B. Mahkemece Bozmaya Uyularak Verilen İkinci Karar
Mahkemenin yukarıda tarih ve sayısı belirtilen kararı ile davanın kabulüne karar vermiştir.
V. TEMYİZ
A. Temyiz Yoluna Başvuranlar
Mahkemenin yukarıda belirtilen kararına karşı süresi içinde davacı idare vekili temyiz isteminde bulunmuştur.
B. Temyiz Sebepleri
Davacı idare vekili temyiz dilekçesinde özetle; kamulaştırma bedelinin yüksek belirlendiğini, emsalin hatalı olduğunu, davacı lehine vekâlet ücretine hükmedilmesi gerektiğini ileri sürerek kararın bozulmasını talep etmiştir.
C. Gerekçe
1. Uyuşmazlık ve Hukukî Nitelendirme
Uyuşmazlık, dava konusu taşınmazın kamulaştırma bedelinin tespitine ilişkindir.
2. İlgili Hukuk
1. 6100 sayılı Hukuk Muhakameleri Kanunu’nun (6100 sayılı Kanun) geçici 3 üncü maddesinin atfıyla 1086 sayılı Hukuk Usulü Muhakemeleri Kanunu'nun (1086 sayılı Kanun) 26.09.2004 tarihli ve 5236 sayılı Kanun'la yapılan değişiklikten önceki 427 ilâ 439 uncu maddeleri.
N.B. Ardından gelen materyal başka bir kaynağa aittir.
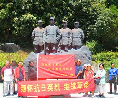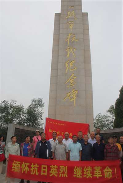 在瞻仰八路军抗战纪念碑,参观完八路军太行纪念馆后,来到武乡八路军烈士陵园敬酒献花后,举行缅怀抗日英烈仪式,由老工人刘明雄主持银河摄像。刘明雄深情的说,“吃水不忘挖井人,我们新中国的今天,中国共产党的今天,都是无数革命先烈用鲜血和生命换来的,一定要将革命先烈未尽的人民当家作主的事业进行到底!”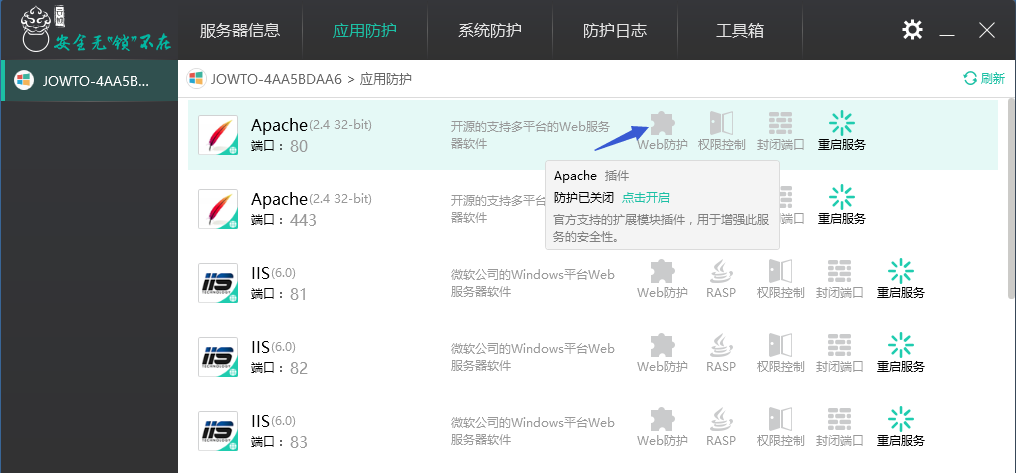 云锁使用过程中发现Web防护不生效,或者网站性能监控中获取不到网站了的问题。该问题通常是“Web防护”未开启导致的,通过PC控制端打开“应用防护”界面,开启“Web防护”功能即可。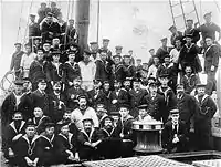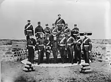 Con la excepción de Australia Occidental, en las colonias también funcionaron sus armadas. En el año 1856, Victoria recibió su propio buque de guerra, el HMCSS Victoria, y su despliegue en Nueva Zelanda en el año 1860 durante la Primera Guerra de Taranaki, marcó la primera ocasión en que un buque de guerra australiano había sido desplegado en el extranjero.[29] Las marinas de guerra coloniales se ampliaron en gran medida a mediados de la década de 1880 y consististieron en una serie de barcos de guerra y torpederos para la defensa de puertos y ríos, así como brigadas navales para equipar los buques y fortalezas. Victoria se convirtió en la más poderosa de todas las marinas coloniales, con el acorazado HMVS Cerberus en servicio desde 1870, así como el buque de guerra de vapor y vela HMS Nelson en calidad de préstamo de la Royal Navy, tres cañoneras y cinco pequeños torpederos. Nueva Gales del Sur formó una brigada de la Marina en el año 1863 y por el cambio de siglo tuvo dos pequeños torpederos y una corbeta. La Fuerza de Defensa Marítima de Queensland fue fundada en el año 1885, mientras que el sur de Australia operaba una sola nave, el, HMCS Protector. Tasmania tenía también un pequeño cuerpo de torpederos, mientras que solo las defensas navales de Australia Occidental incluía la Artillería Naval de Fremantle. Personal naval de Nueva Gales del Sur y Victoria participaron en el Levantamiento de los bóxers en China en el año 1900, mientras que el HMCS Protector fue enviado a Australia del Sur, pero no entró en acción alguna.[30] Las colonias separadas mantuvieron el control sobre sus fuerzas militares y navales hasta su Federación en el año 1901, cuando se fusionaron y se colocaron bajo el control de la nueva Australia.[31]

2. 2942 sayılı Kanun'un 10 uncu maddesinin sekizinci fıkrası ile 11 inci maddesi.
3. Değerlendirme
1. Temyiz olunan nihai kararlarının bozulması 6100 sayılı Kanun'un geçici 3 üncü maddesinin atfıyla 1086 sayılı Kanun'un 26.09.2004 tarihli ve 5236 sayılı Kanun'la yapılan değişiklikten önceki 428 nci maddesinde yer alan sebeplerden birinin varlığı hâlinde mümkündür.
2. Avrupa İnsan Hakları Mahkemesinin 12055/17 numaralı başvuru sonucu verilen 23.10.2018 tarihli kararı ve Anayasa Mahkemesinin 2016/9364 başvuru numaralı, 01.06.2019 tarihli ve 30791 sayılı Resmî Gazete'de yayımlanan kararı göz önüne alındığında davacı idare lehine vekâlet ücretine hükmedilmemesi doğrudur.
3. Temyizen incelenen mahkeme kararının bozmaya uygun olduğu, kararda ve kararın gerekçesinde hukuk kurallarının somut olaya uygulanmasında bir isabetsizlik bulunmadığı, bozma ile kesinleşen ve karşı taraf yararına kazanılmış hak durumunu oluşturan yönlerin yeniden incelenmesine hukukça imkân bulunmadığı anlaşılmakla; temyiz dilekçesinde ileri sürülen nedenler kararın bozulmasını gerektirecek nitelikte görülmemiştir.
VI. KARAR
Açıklanan sebeplerle;
Davacı idare vekilinin yerinde görülmeyen tüm temyiz itirazlarının reddi ile usul ve kanuna uygun olan kararın ONANMASINA,
Davacı idare harçtan muaf olduğundan harç alınmasına yer olmadığına,
29.05.2024 tarihinde oy birliğiyle karar verildi.